Wharton@Work

February 2021 | 

Crisis Ready: Decision Making When It Counts Most

Mastering the Art and Science of Decision Making

Overnight, your access to capital is cut off. Or news reports reveal your CFO is accused of tax fraud. Or a global pandemic forces you to shut down operations. Before 2020, many leaders had never faced what Wharton management professor Mike Useem calls a “go point”: a crisis requiring decisions with profound consequences. But a lack of first-hand experience doesn’t mean you can’t be prepared.

Useem is a firm believer in, and practitioner of, immersive learning: showing leaders how they can improve decision making when it matters most by becoming engrossed in the circumstances of a go point. As COVID continues to cause disruption and devastation to organizations worldwide, it’s a skill no one can afford to be without.

That was the thinking behind the first Wharton Ready Livecast in April of 2020. Led by Useem, “We Are All Leaders Now: Seizing the Leadership Moment” dove into the real-time crisis response of leaders like Marriot CEO Arne Sorenson. Useem went behind the scenes to examine the process behind difficult decisions, highlighting the need to move from intuitive to deliberative decision making. Participants were invited to submit ideas for Sorenson, and then learned what really happened.

Leaving an Indelible Impact

Useem is using the same method in a new MBA course and related Executive Education program, Leading through Challenging Times. “When you create those moments,” he says, “looking at the options, the decision process, and why a particular choice was made, it strengthens the participant's decision making. That’s the crux of why I do this. I want people to become completely riveted by the moment and to create a lasting memory.”

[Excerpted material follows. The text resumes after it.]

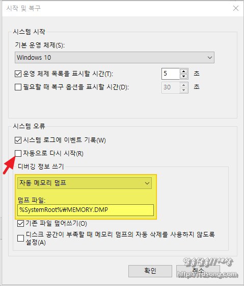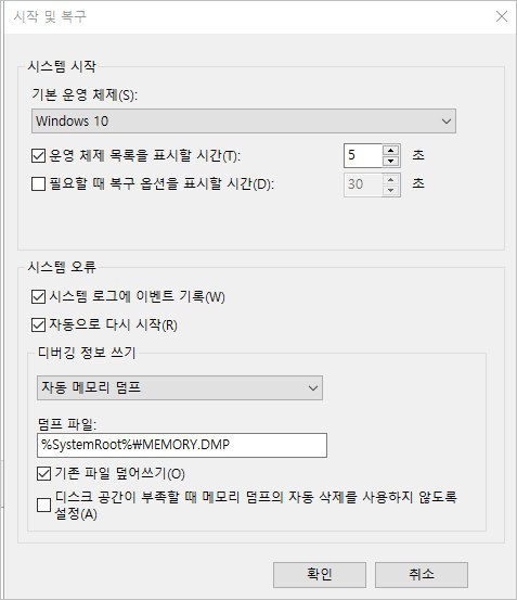 이렇게 설정을 해 놓으면 나중에 윈도우10 또는 윈도우7 사용중에 갑작스런 블루 스크린이 뜨면 윈도우가 해당위치에 메모리 덤프파일을 생성을 해 줍니다
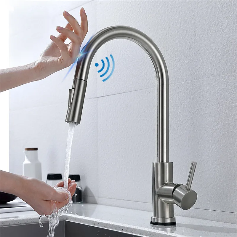 Новый смеситель для кухни с умным датчиком, сенсорный кран для раковины, смеситель с одной ручкой, выдвижной кухонный смеситель для душа с поворотом на 360 градусов

Those moments include Bill McNabb leading Vanguard through the 2008–09 financial crisis and minister of mines Laurence Golborne working to save 33 miners trapped below the Chilean desert. Useem says his challenge in the classroom is to help transfer the process, including decisions that went well and those that didn’t, to future situations. “I want participants to learn from it in a way that they can apply to completely different moments later in their professional careers. They can think, ‘Laurence Golborne didn't get weak-kneed trying to save those miners. He called his superiors, built a team, and made time a vital resource given the circumstance.’ His decision process becomes a template or inspiration for their own.”

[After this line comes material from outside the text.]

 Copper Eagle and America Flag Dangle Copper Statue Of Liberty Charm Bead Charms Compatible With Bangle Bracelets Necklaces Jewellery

In the MBA course and Leading through Challenging Times, some of those insider accounts will be firsthand. Guest speakers will include senior leaders who are still grappling with the pandemic, such as CEOs Alex Gorsky of Johnson & Johnson and Tricia Griffith of Progressive Insurance. They will reflect on how their experience of past disasters has shaped their response to COVID-19.

“There is nothing like literally being there by talking directly with those who are in the middle of making some very wrenching decisions,” says Useem. “They can say, ‘Here's what I face: our budget's down by $300 million, I've got customers who literally can't contact us, I've got X dollars due in debt. What do you think I should do? Should I go to my board? Should I bring a consulting firm in?’ Even more powerfully, we draw participants into trying to solve those problems. You can almost feel the nervous energy, the great anxieties about getting it right. They’re in the middle of the emotional experience of making a difficult decision when the right one is unknown.”

A Heightened Need to Know

He notes the impact is especially valuable today because “the need to know has never been greater. Participants have been struggling with these decisions intensively, especially over the last year. That may be largely because of COVID-19, but think about Black Lives Matter, issues of equity, diversity, and now the political instability and crisis we're going through. Leaders are asking themselves, ‘What can we do? How can we help our business address any or all of these crises?’”

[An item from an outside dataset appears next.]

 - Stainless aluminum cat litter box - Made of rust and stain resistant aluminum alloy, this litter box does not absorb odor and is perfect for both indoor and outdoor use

Answers may come by referencing decisions made in the past, exploring firsthand accounts of those grappling with tough issues today, or from those who study both. Today, though, it can also come from a fellow participant in a virtual classroom. “If you turn to them and ask, ‘Got any ideas about what I ought to be doing?’ the answer will probably be, ‘Yes,’ because they've been through it themselves,” says Useem. “The Leading through Challenging Times classroom becomes not just the faculty at the front — it includes the participants on the Zoom screen. Today, we're all teachers and learners.”

Whether the lessons derive from the pandemic, a historic military battle, or an economic crisis, there is no doubt that they will be applicable in the future. “You're going to have your own defining moment, your own crucible moment, again and again, in the years to come,” says Useem. “Life is filled with setbacks. We want to manage for growth, but we also have to manage when there's a huge risk or calamity. The essence of the program is to help you be ready.”